We see this happen a lot where it is literally the same individuals in a community that continue to be tapped for focus groups and planning sessions time and time again. This becomes a burden, where they are putting in significant labor and time and not fairly compensated for their knowledge. Paying participants is not feasible 100% of the time, but should be considered when you expect individuals from the community to contribute their knowledge, and especially when you are relying on underrepresented communities.

  1. It can also cause harm to communities if your organization chooses to initiate a process but does not follow up or follow through.

I saw an example of this with a one-day symposium that was hosted to generate community-driven solutions. The symposium was a success, but there was no follow through. When your organization or agency chooses to host a community workshop, you also take on the responsibility of building follow-up into your budget and timeline. I understand folks are busy, but even a simple follow up like a series of emails sharing action items or a suggestion for next steps on actions to take would make a difference.

  1. Going too fast is one of the most common reasons community-driven processes fail.

Going slower does not mean we need to put a halt on progress. It just means that probably two weeks is not enough for community engagement. For a more in-depth stakeholder-driven process, you likely need a few months. Having accurate expectations about how long the process will take makes it easier to plan, because then, there are fewer unexpected delays.

  1. Often what you initially think is the problem isn’t the real problem, and this means you risk not getting to the root causes of problems.

Often times, the first problem that is mentioned is not the root cause of the issue. It is just a symptom. This is another reason that these community engagement processes need active facilitation. Trained facilitators go deeper to diagnose underlying issues and understand the hidden causes of problems. And only by diagnosing the actual problem can communities develop solutions that work.

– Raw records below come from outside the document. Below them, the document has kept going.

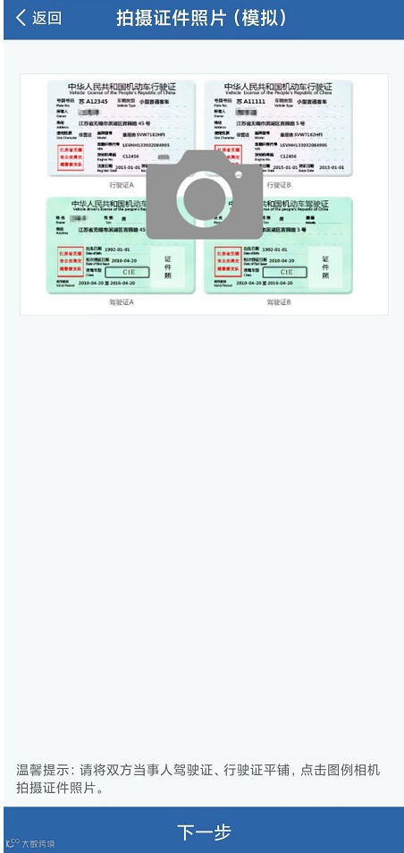 双方当事人撤离现场后,根据APP引导,需要拍摄双方证件照片和录入事故信息。即上传拍摄证件照片→ 录入事故信息。
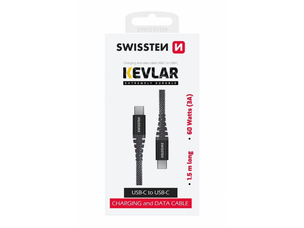 SWISSTEN dátový kábel KEVLAR, USB-C/USB-C, 1,5 m, antracit
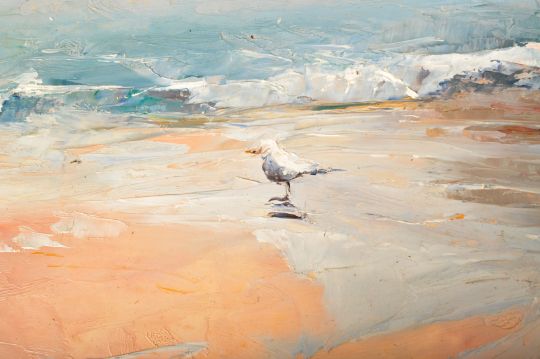 NIcholas St John Rosse b1945 - A 20th Century oil on board landscape painting entitled Bossiney Cove depicting three figures on a beach with gull bird resting on the sand, The blue sea with foaming waves crashing on the shore with cliffs and rocks. Signed to lower right corner. Set to a frame. Measures approx 23cm x 69cm. St Adwen Studio label to back with other related labels.
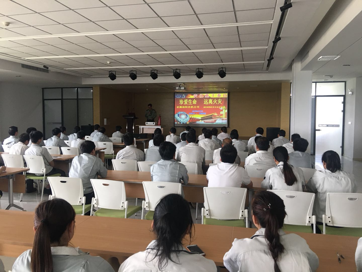 4月29日是,在節前最后一天,亞澳農機全體員工在二樓多功能廳進行了“珍愛生命,遠離火災”為主題的消防安全培訓,

  1. Community-led solutions aren’t always collaborative, and this can lead to problems.

There’s almost an irony that we assume community-led processes are collaborative. But community members often exclude other groups or are actively opposed to partnering with certain organizations. There are power dynamics as well, and more weight is put on some voices than others. When we are talking about complex problems like food security and climate justice, these issues are too big to be solved by one group alone. Bringing together a mix of community groups and partner organizations can lead to better solutions with greater long-term impact.

  1. Avoiding government agencies in the process isn’t always a good idea.

It’s not uncommon that I hear a resistance to including government agencies in the process. I understand that there can be a distrust towards government that came from historic interactions, but sometimes government agencies are the funders and decision makers. Getting their buy-in to the process can lead to more support in the future.


These 8 hard truths are things you want to avoid if you want effective and equitable community-led solutions. But the good news is that when you ensure the right planning to avoid them —your organization is now one step closer to catalyzing transformative, community-led change.

To avoid those potential negative outcomes, it requires not only planning, but also equitable design and facilitation of the engagement process. This matters because only through engaging communities can you achieve a world with equitable access to food, climate justice, better quality of life, and a more sustainable future.